2. Mr. Viswanatha Aiyar, the learned Advocate for the appellant urged that a stranger to the family like the plaintiff melcharthdar cannot question the binding character of the puramkadam arrangement evidenced by Ex. D-1 entered into by the karnavan of the tarwad and that the right to challenge such a transaction was personal only to the other members of the illom and cannot be conveyed to third parties. In this connection he cited the decisions in Govind Gurunath v. Deekappa Mallappa : AIR1938Bom388 , Ram Kumar v. Mohanlal : AIR1940Pat270 , Imperial Bank of India, Jullunder v. Mst. Maya Devi I.L.R.(1934) Lah. 714 and Thayyil Mammad v. Purayil Mammad : (1920)39MLJ702 . The position he took up was that the transaction which was voidable and not void could be avoided, if at all, only by the junior members of the tarwad or by the succeeding karnavan, and so long as this was not done, it was not open to a melcharthdar like the plaintiff to question it. The cases cited support this position undoubtedly. Unfortunately for the appellant, in the case before us, the tarwad karnavan, the fifth defendant has challenged the puramkadam arrangement as one not binding on the tarwad. He has stated in his written statement that the original intention was that he should join the plaintiff in the institution of the suit, but that he could not meet the plaintiff, the suit was filed by her alone and that he was prepared to join her in the suit and he even wanted to be transposed as plaintiff. In the Patna case cited above, this point about the members of the family challenging or not challenging the alienation is specially referred to as a point of distinction. It is not necessary that the member who impugns the alienation should file a suit for the purpose. He can set up the non-binding character of the transaction in defence and this is what has happened in the present case. No question of limitation can arise, as this is not a suit to set aside any alienation made by a karnavan. It is a suit for redemption of a kanom where the kanomdar states that the amount due to him is not what the plaintiff says is due but much more, because of the later puramkadam arrangement. It is open to the fifth defendant and the plaintiff to plead in defence to this claim urged by the first defendant for more money that the arrangement is not binding.
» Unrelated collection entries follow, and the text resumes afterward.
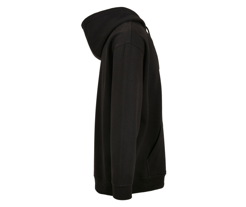 Coupe très ample. Manches droites. Capuche ajustable par cordons. Poche kangourou. Bord côte épais aux poignets et à la taille. Puce de taille au col.
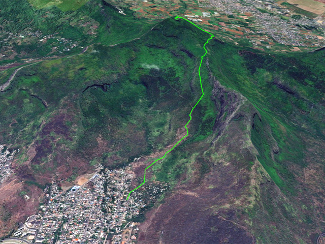 La randonnée débute au quartier Bangladesh. Stationner aux alentours de Pouce Street puis rejoindre à pied le début du parcours en frôlant quelques modestes cases (Photo 1). Une fois cette première centaine de mètres peu incitatifs, on se retrouve sur un chemin grimpant en pente douce en direction du Pouce sous quelques grands arbres (Photo 2). Les roches sont peintes en blanc pour confirmer le bon itinéraire. Le manque d'entretien par endroits a facilité l'implantation de grandes herbes et autres plantes. On longe la chaîne du Snail Rock sur la droite. Jamais la montée n'est difficile (Photo 3). Après une vingtaine de minutes, on parvient à une bifurcation marquée par quelques panneaux qui indiquent distances et temps de marche (Photo 4). Prendre à droite du panneau et délaisser le sentier de gauche. La montée au Pouce débute dans des sous-bois très touffus envahis de lianes papillon assombrissant fortement le parcours (Photo 5). Ces lianes sont si touffues qu'il est impossible d'y repérer un sentier qui les traverserait. La marche s'effectue sur des lits de feuilles mortes en évitant les pierres et roches encombrant le sentier (Photo 6). Il n'y a pas à réfléchir pour trouver son chemin. La montée est régulière entre de hautes haies de lianes et des bosquets de goyaviers (Photo 7). Une demi-heure après la bifurcation, le chemin s'éclaire en arrivant aux premières clairières. On aperçoit enfin l'horizon et les pitons entourant Port Louis (Photo 8). Le sentier oblique sur la droite. Le sol est désormais recouvert de longoses à perte de vue. On ne les quittera guère jusqu'au sommet (Photo 9). La suite de la montée est facile dans une végétation qui a changé. Les palmiers se multiplient et les califons bordent le sentier parfois humide (Photo 10). On a gagné en altitude donc en panoramas sur les montagnes et villes du centre (Photo 11). On s'est élevé de 500 m depuis le départ et la ville de Port Louis a rapetissé (Photo 12). On s'approche très vite du sentier le plus utilisé depuis Moka. Le Pouce est désormais bien visible au-dessus des longoses (Photo 13). Fini l'étroit sentier, humide ou caillouteux. On entame cette dernière montée sur un large parcours usé par les dizaines de marcheurs quotidiens (Photo 14). Quelques promontoires rocheux du côté de Moka permettent d'apercevoir le parking et de mieux comprendre pourquoi les randonneurs sont plus nombreux à venir de là, la distance est plus courte (Photo 15). Par beau temps, profiter des vues dégagées sur une bonne partie de l'île (Photo 16). Tout en repérant le prochain promontoire, repartir à l'assaut du Pouce en longeant la falaise (Photo 17). La montée s'intensifie légèrement. De nouveaux sentiers parallèles ont été créés lorsque l'affluence est forte (Photo 18). La profondeur de la terre creusée témoigne de l'intérêt que portent les randonneurs à ce sommet (Photo 19). On voit de mieux en mieux les grimpeurs sur l'arête (Photo 20). Ne pas manquer la longue chaine montagneuse qui abrite le très caractéristique Pieter Both (Photo 21). Après un dernier petit plateau donnant sur le nord, entamer la montée dans les longoses et goyaviers (Photo 22). Très vite, on parvient à de véritables murs, parfois glissants. Il faut s'aider des mains pour les franchir (Photo 23 et 24). Sur la droite, une grande forêt abrite des singes. Ne pas hésiter à observer la cime des arbres pour tenter de découvrir les macaques crabiers qui se délectent des fruits (Photo 25). La fin de l'ascension est tout aussi éprouvante, surtout pour les randonneurs occasionnels (Photo 26). Une fois au sommet, les difficultés prennent fin, du moins pour un temps. On peut à loisir observer les points caractéristiques de l'Île Maurice, même si aucune table d'orientation n'y est installée (Photo 27). Le sommet est encombré de roches mais assez plat pour ne courir aucun risque (Photo 28). Entreprendre la descente par le même sentier en prenant garde aux parties verticales et humides. Si un véhicule a été prévu à Moka, il est possible d'y redescendre une fois atteint le croisement. Sinon, reprendre l'itinéraire emprunté à l'aller et regagner le quartier de Bangladesh.
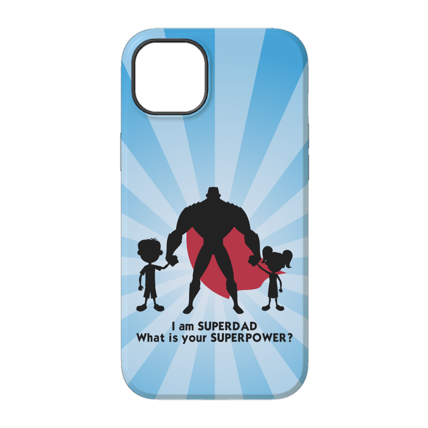 Our dads are our superheroes and this super dad design reflects that. Our design depicts a superhero male holding hands with a little boy and girl. Our super hero dad is wearing a red cape. We used a starburst in blue to really highlight our superhero dad!

3. Further, having regard to the terms of the karar, Ex. D-4, it is open to doubt whether the puramkadam transaction is only voidable or is totally invalid. It is not a case where the karnavan exceeds his authority and enters into an arrangement on behalf of the tarwad without necessity. It is a case where he has no authority at all, having been dethroned from the karnavasthanam owing to reasons with which we are not concerned and having relinquished the place in favour of another, namely, the fifth defendant; and the agreement is that no debts shall be borrowed so as to bind the tarwad unless all the adult members agree and join in the execution of the necessary documents or deeds. If a person has notice of this karar and enter into an arrangement with one only of the members of the tarwad--in this case it was Dimodaran Nambudiri who g?ve up the karnavanship altogether--he cannot be heard to say that it was a transaction which was valid until set aside. He entered into the arrangement with a person, who, he knew, had no authority whatever to take a puramkadam loan.

4. I agree with the lower Courts in holding that the puramkadam advance under Ex. D-1 is not binding on the tarwad of the fifth defendant and on the plaintiff, who claims as melcharthdar from the fifth defendant and dismiss this second appeal with costs. No leave.